Items listed in a dataset =>

= = = =

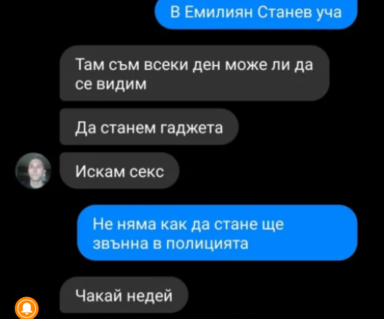 По думите ѝ 25-годишният Диян Ангелов е писал съобщение на нейната дъщеря. Детето е в 7 клас.
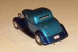 Der Ford istin lila gespritzt und man kann ihn in zwei Versionen bauen. Lilaist nicht so meine Farbe, aber durch die Zweiteilung ist eine Zweifarbenlackierung ein Muß. Es ist in Mittelblau oben und Dunkelblau unten lackiert. Auch wenn es ein Snap Tite ist, sind bis auf den V8 Motor alle Teile dabei. Ein schöner Innenraum, ein Chassis mit Srahlachsen, sehr schöne Chromteile und Flammenaufkleber.
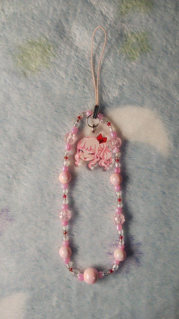 Charm para ser colgado en celular, mochila, llaves, etc. Acrílico de 4x4 cm aprox. con agregado colgante de tanza.
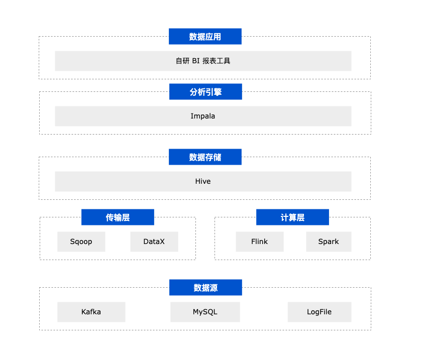 原始数据主要来自关系型数据库 MySQL 、消息队列 Kafka 以及采集到的日志数据; 利用 Sqoop 和 DataX 进行数据同步,通过 Flink 和 Spark 进行 ETL 以及 Yarn 和 Airflow 进行作业和任务调度; 处理完成的数据落入 Hive ,Impala 作为分析引擎,为上层自研的 BI 产品提供交互式分析服务;
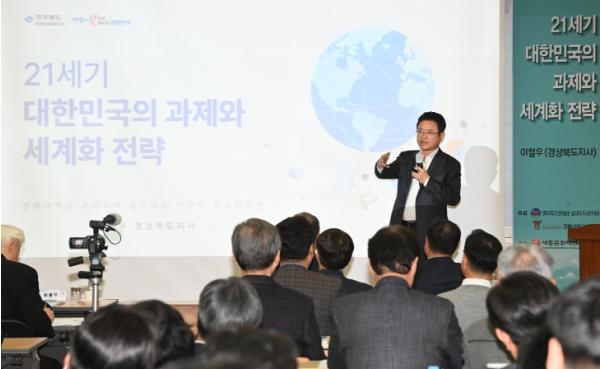 [singers news 씽어즈뉴스, 와보소기자] 이철우 경북도지사는 14일 경북대학교 박물관 시청각실에서 경북대학교 이인중 부총장을 비롯한 유라시아 실크로드 인문학 최고위 과정 관련 인사를 대상으로 ‘21세기 대한민국의 과제와 세계화 전략’이라는 주제의 특별 초청 특강을 펼쳤다.
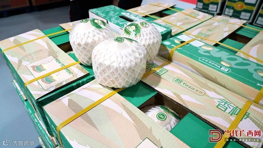 广西供销大集运营中心展示从泰国进口的香椰。记者 石钖 摄
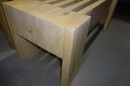 materiál dub, celomasiv, spárovka pruběžná, tl. horní desky 4cm, noha 8x8cm, SKLADEM
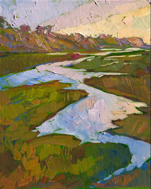 Style: "Open Impressionism" is a new style of painting developed by American artist Erin Hanson. The style is characterized by short, impasto brush strokes that are applied without layering, creating a mosaic or stained-glass appearance to the paintings. The paintings are created with a limited palette of colors, applied without blending or mixing upon the canvas, which adds a dimension of texture to each brush stroke. Inspired by classic impressionism, pointillism, and post-impressionism, Erin Hanson continues the tradition of impressionism into the modern day with her colorful and vivacious landscape paintings.
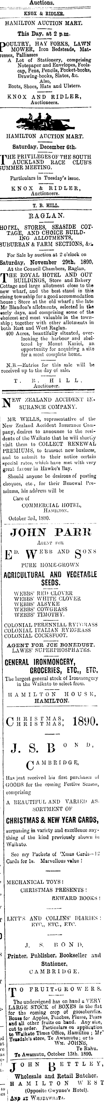 Auctions. KNOX & EIDLEB. HAMILTON AUCTION MART. This Day. at 2 p.m. POULTRY, HAY FORKS, LAWN MOWER, Iron Bedsteads, Mat* teases, Palliasses A Lot of Stationery, comprising Notepaper and Envelopes, Foolscap, Pens, Pencils, Pocket-books, Drawing-books, Slates, &c. Also, Bootß, Shoes, Hats and Ulsters. KNOX AND RIDLER, Auctioneers. HAMILTON AUCTION MART, Saturday, December 6th< THE PRIVILEGES OF THE SOUTH AUCKLAND RACE CLUB'S SUMMER MEETING. Particulars in Tuesday's issue. KNOX & RIDLER, Auctioneers. T. B. HILL. RAGLAN. HOrEL, STORES, SEASIDE COTTAGE, AND CHOICE BUILDING ALLOTMENTS, SUBURBAN & FARM SECTIONS, &G. For Sale by auction at 2 o'clock on Saturday, November 29th, 1890, At the Council Chambers, Raglan, The royal hotel and out BUILDINGS, Store and Bakery Cottage and large allotment close to the new wharf, and the best stand in this rising township for a good accommodation house ; Store at the old wharf; the late Mr Blandon's allotments, selected in tke early days, and comprising some of the ehoicest acd most valuable in the township ; together with other allotments in both East and West Raglan. 400 Acres, beautifully situated, overlooking the harbour and sheltered by Mount Kaiioi, an opportunity for acquiring a site for a most complete home. N.B. —Entries for this sale will be received up to the day of sale. T . 11 . HILL, Auctioneer. NEW ZEALAND ACCIDENT INSURANCE COMPANY. MR WELLS, representative of the New Zealand Accident Insurance Company, desires to announce to the residents of the Waikato that he will shortly visit them to COLLECT RENEW AL PREMIUMS, to transact new business, aud to submit to their notice certain epccisl rates, which have met with very great favour iu Hawke'a Bay. Should anyone be desirous of posting chcqucs, etc., for their Keucwal Premiums, his address will he Care of COMMERCIAL HOTEL, Hamilton". October 3rd, 18' JO. JOHN PARK Aaii.vr con D. yy EBB AND gO X S PURE liOME-GROWX AGRICULTURAL AND VEGETABLE SEEDS. WEBBS' Ji 1CI» CLOVER WEBBS' WHITE CLOVER WEBBS' ALSYKE WEBBS' COWGRASS WEBBS' TIMOTHY. COLONIAL PERENNIAL RYITiiiASS COLONIAL ITALIAN RYEGRASS COLONIAL COCKSFOOT. AGENT FOR JCE BONEDUST. LAWES' SUPERPHOSPHATES. GENERAL IRONMONGERY, GROCERIES, ETC,, ETC, The largest general stock of Ironmongery in the VVaikato to select from. ' I-I AMI L T ON~ HOUSE, HAMILTON. CHRISTMAS, IQUfI HRISTMAS, 10JU. J. 3. B 0 N JJ ' OAMBR I D G E, Has just received his first purchases uf ( GOODS for the coming Festive Season, ' comprising A BEAUTIFUL AND VARIED AS- > SORTMENT OF CHRISTMAS & NEW YEAR CARDS, surpassing in variety and excclleuue anything of the kind previously shown in Waikato. Sec my Packets of 'Xnias Cards—Jk Cards for Is. Marvellous value ! ' MECHANICAL TOYS 1 , CHRISTMAS PRESENTS ! REWARD BOOKS ! r r LETT'S AND COLLINS' DIARIES : F/ra, ETC., ETC. D J. S. P. O N I>, s printer, Publisher, Bookseller ami Stationer, CAMBRIDGE. T rjn O FRUIT-GROWERS. Tho undersigned has on hand u VER\ e . LARGE STOCK of BOXES in the flat for the coming crop of gooseberries. Boxes for Apples, Peaches, Plume, Pears and all other fruits on hand. Any eiae, ~~ out to order. Particulars on application to Waikato Times Office, Hamilton ; Mr w ed Teudale's store, Te Awamutu; or to at Wh. JOHNS, ve Te Rahu. as le Awamutu, October 13th. 1890. '! JOHN jj ETTL EY, Wholesale and Retail Butcher, — HAMILTON WEST I (Opposite Gwynne's Hotel). i Asj> ax Wh.vmwjuta.
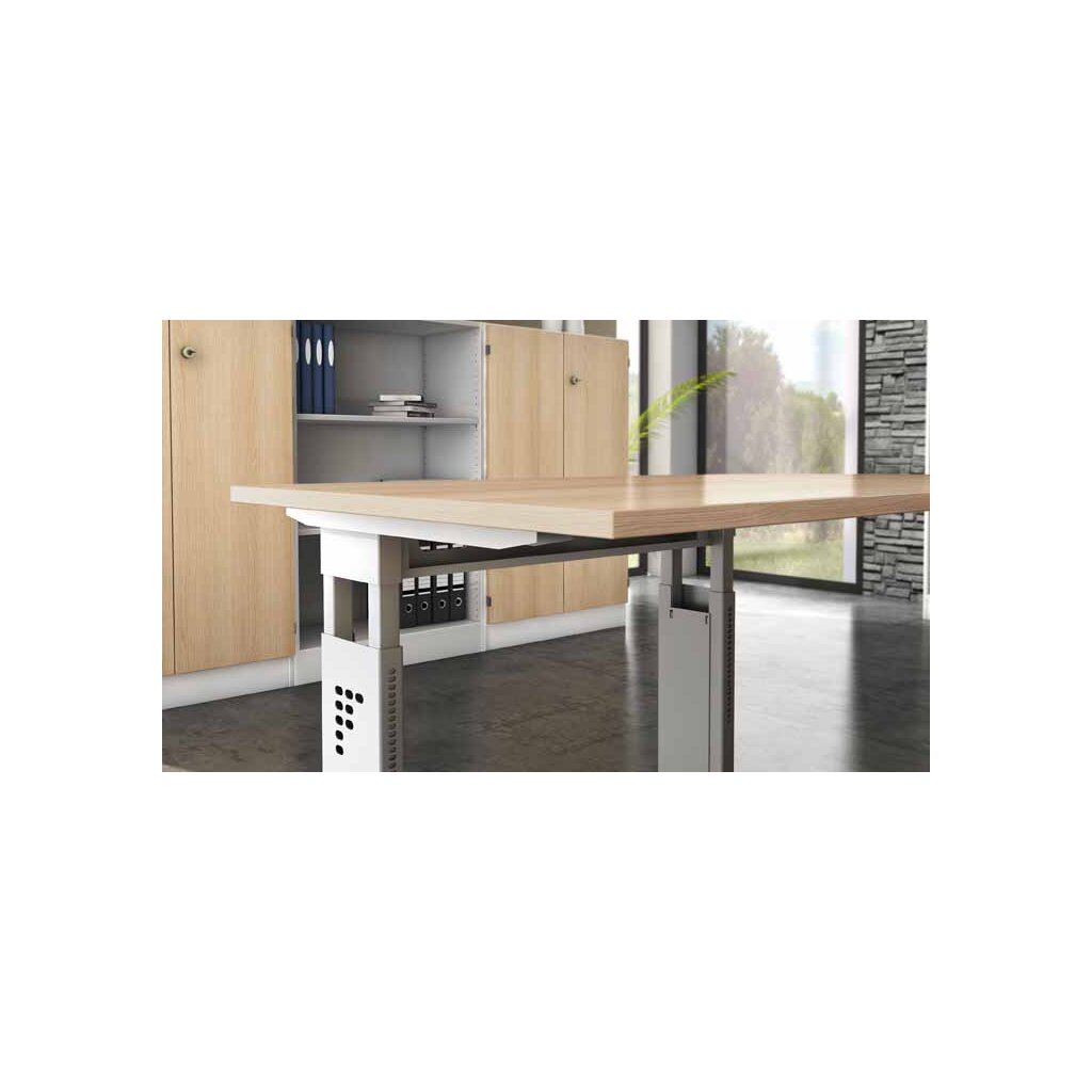 Die Schreibtische können mit Hilfe der passenden Verkettungsplatten ergänzt und zu einem Winkelschreibtisch ergänzt werden.
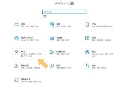 进入电脑系统“设置”界面以后,在弹出的界面里找到“帐户”。如下图:
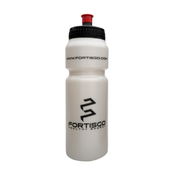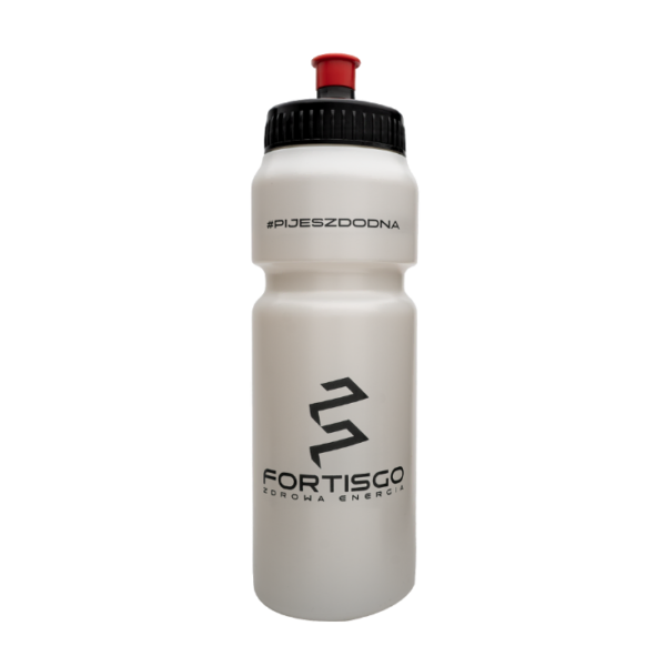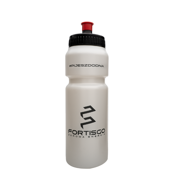 Biała, matowa powierzchnia z wyrazistym brandingiem FortisGO oraz hasłem #PIJESZDODNA to jasny sygnał: dbasz o nawodnienie i robisz to świadomie. Ergonomiczny kształt zapewnia pewny chwyt, a sportowy ustnik umożliwia szybkie picie w ruchu – na siłowni, w biegu, w aucie czy w biurze.

= = = =

The task => Please reproduce the entries above exactly, from their first line to the line holding "materiál dub, celomasiv, spárovka" inclusive, and nothing else; the pictures stay out.

Exercise solution =>
 По думите ѝ 25-годишният Диян Ангелов е писал съобщение на нейната дъщеря. Детето е в 7 клас.
 Der Ford istin lila gespritzt und man kann ihn in zwei Versionen bauen. Lilaist nicht so meine Farbe, aber durch die Zweiteilung ist eine Zweifarbenlackierung ein Muß. Es ist in Mittelblau oben und Dunkelblau unten lackiert. Auch wenn es ein Snap Tite ist, sind bis auf den V8 Motor alle Teile dabei. Ein schöner Innenraum, ein Chassis mit Srahlachsen, sehr schöne Chromteile und Flammenaufkleber.
 Charm para ser colgado en celular, mochila, llaves, etc. Acrílico de 4x4 cm aprox. con agregado colgante de tanza.
 原始数据主要来自关系型数据库 MySQL 、消息队列 Kafka 以及采集到的日志数据; 利用 Sqoop 和 DataX 进行数据同步,通过 Flink 和 Spark 进行 ETL 以及 Yarn 和 Airflow 进行作业和任务调度; 处理完成的数据落入 Hive ,Impala 作为分析引擎,为上层自研的 BI 产品提供交互式分析服务;
 [singers news 씽어즈뉴스, 와보소기자] 이철우 경북도지사는 14일 경북대학교 박물관 시청각실에서 경북대학교 이인중 부총장을 비롯한 유라시아 실크로드 인문학 최고위 과정 관련 인사를 대상으로 ‘21세기 대한민국의 과제와 세계화 전략’이라는 주제의 특별 초청 특강을 펼쳤다.
 广西供销大集运营中心展示从泰国进口的香椰。记者 石钖 摄
 materiál dub, celomasiv, spárovka pruběžná, tl. horní desky 4cm, noha 8x8cm, SKLADEM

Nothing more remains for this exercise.